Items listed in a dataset
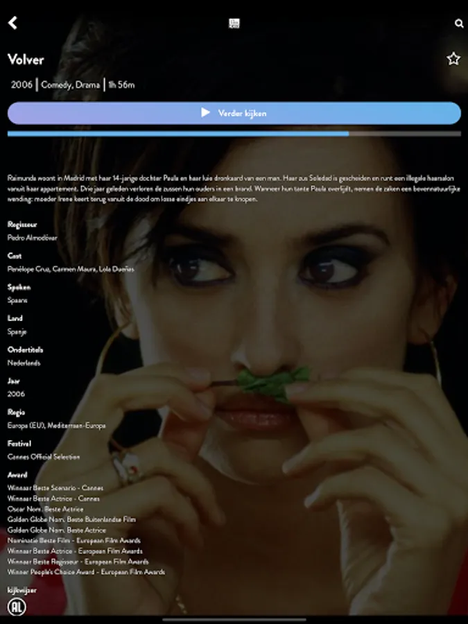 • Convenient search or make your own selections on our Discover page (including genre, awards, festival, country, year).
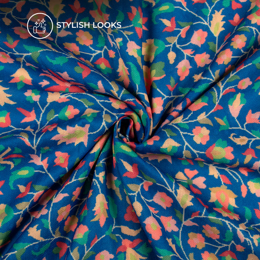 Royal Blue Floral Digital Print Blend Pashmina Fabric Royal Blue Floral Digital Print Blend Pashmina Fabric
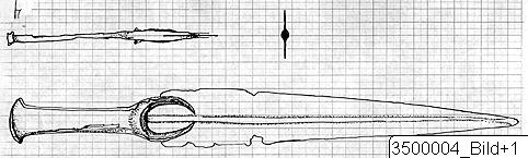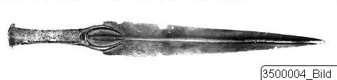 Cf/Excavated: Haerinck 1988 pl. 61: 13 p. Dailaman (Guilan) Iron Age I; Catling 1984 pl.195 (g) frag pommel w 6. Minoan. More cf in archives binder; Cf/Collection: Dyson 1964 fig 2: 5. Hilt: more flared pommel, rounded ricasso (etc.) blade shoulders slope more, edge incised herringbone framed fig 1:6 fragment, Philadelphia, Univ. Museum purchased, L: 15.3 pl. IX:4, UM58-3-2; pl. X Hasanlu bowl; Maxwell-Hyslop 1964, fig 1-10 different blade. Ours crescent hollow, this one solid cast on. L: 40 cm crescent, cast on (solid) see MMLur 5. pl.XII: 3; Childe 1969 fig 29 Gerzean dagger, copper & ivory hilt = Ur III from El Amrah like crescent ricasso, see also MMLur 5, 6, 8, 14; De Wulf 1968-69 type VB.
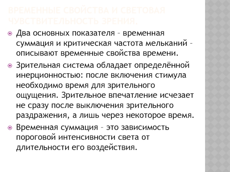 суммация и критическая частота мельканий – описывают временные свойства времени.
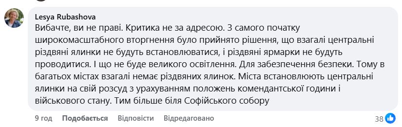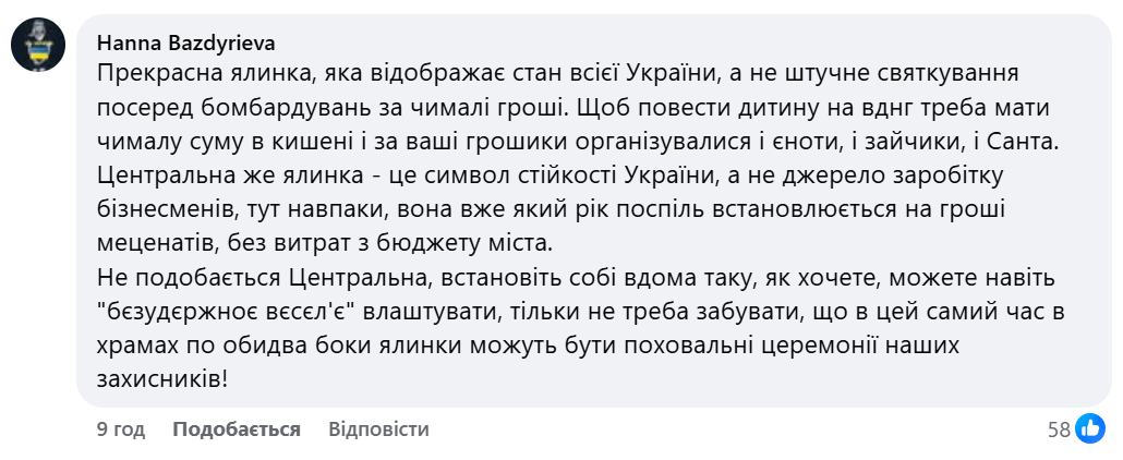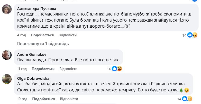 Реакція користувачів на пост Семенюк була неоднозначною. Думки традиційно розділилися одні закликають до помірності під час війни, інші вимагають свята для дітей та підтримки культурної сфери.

### [EXERCISE BRIEF]
Quote the entries in full. Any image among them is to be omitted from the copy.

### [FINISHED TASK]
 • Convenient search or make your own selections on our Discover page (including genre, awards, festival, country, year).
 Royal Blue Floral Digital Print Blend Pashmina Fabric Royal Blue Floral Digital Print Blend Pashmina Fabric
 Cf/Excavated: Haerinck 1988 pl. 61: 13 p. Dailaman (Guilan) Iron Age I; Catling 1984 pl.195 (g) frag pommel w 6. Minoan. More cf in archives binder; Cf/Collection: Dyson 1964 fig 2: 5. Hilt: more flared pommel, rounded ricasso (etc.) blade shoulders slope more, edge incised herringbone framed fig 1:6 fragment, Philadelphia, Univ. Museum purchased, L: 15.3 pl. IX:4, UM58-3-2; pl. X Hasanlu bowl; Maxwell-Hyslop 1964, fig 1-10 different blade. Ours crescent hollow, this one solid cast on. L: 40 cm crescent, cast on (solid) see MMLur 5. pl.XII: 3; Childe 1969 fig 29 Gerzean dagger, copper & ivory hilt = Ur III from El Amrah like crescent ricasso, see also MMLur 5, 6, 8, 14; De Wulf 1968-69 type VB.
 суммация и критическая частота мельканий – описывают временные свойства времени.
 Реакція користувачів на пост Семенюк була неоднозначною. Думки традиційно розділилися одні закликають до помірності під час війни, інші вимагають свята для дітей та підтримки культурної сфери.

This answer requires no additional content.